I am a bit torn between taking the time to write down my thoughts properly, which will probably require a few posts, and just dashing off some thoughts that are top of mind. I may split the difference: writing just a few things now and then setting up some posts where I track transportation and "vacation" poems. I think the likelihood of me ever finishing the first project, let alone the second is so slim, but I guess it's worth having a few goals along the way. (I was really in deep despair just the other day over the state of the world, and I decided I really ought to move some of these projects forward as there is so little else to motivate me when I cannot be consoled with all the usual blather about "how it gets better," when quite frankly the world is getting worse and at a pace no one is ready for...)
Anyway, I have been reading Michael Longley (incidentally I started about two weeks before his recent passing), and this led to John Burnside and even Frank Ormsby's Goat's Milk.
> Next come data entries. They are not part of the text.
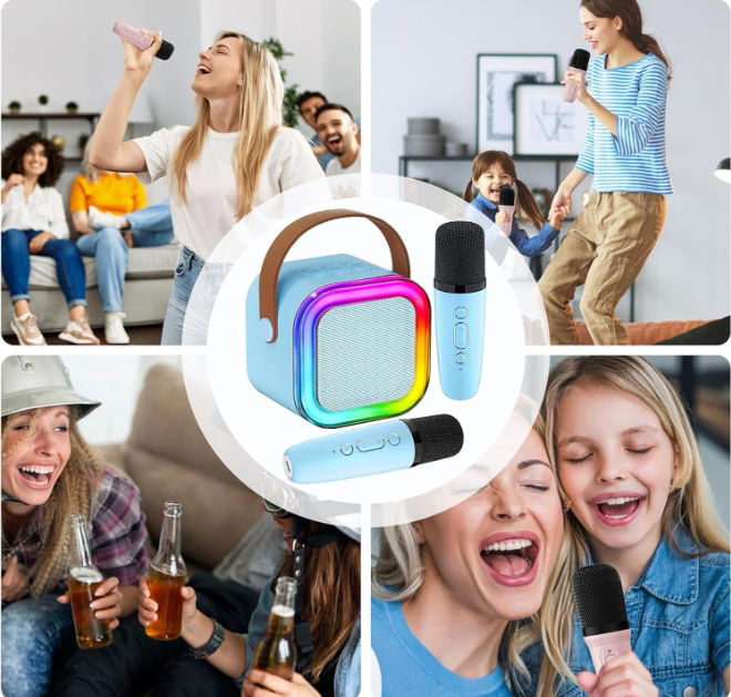 - Micrófono inalámbrico 🎤📡: Para cantar sin enredos ni cables.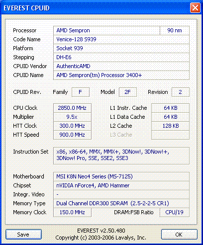 Результат разгона AMD Sempron (Palermo)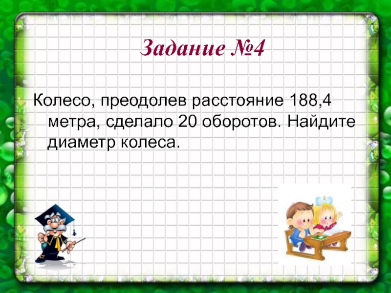 Колесо, преодолев расстояние 188,4 метра, сделало 20 оборотов. Найдите диаметр

I was surprised to find that I not only had read Longley's Collected Poems over 10 years ago (probably right after I hit Vancouver) but had made a list of my favorite poems from that volume! I certainly didn't remember that, which just goes to show that I really have to write down more of my thoughts before they escape. In general, I am not a huge fan of Longley's (both because he stuck with rhymed poetry long after it was out of fashion and he is mostly a rural poet*). Burnside is very much a religious poet (and in a way that irks me far more than it does with Mary Oliver, for example). That said, he had a few transportation related poems that were pretty interesting. So far I am finding Goat's Milk** the most to my taste of the bunch.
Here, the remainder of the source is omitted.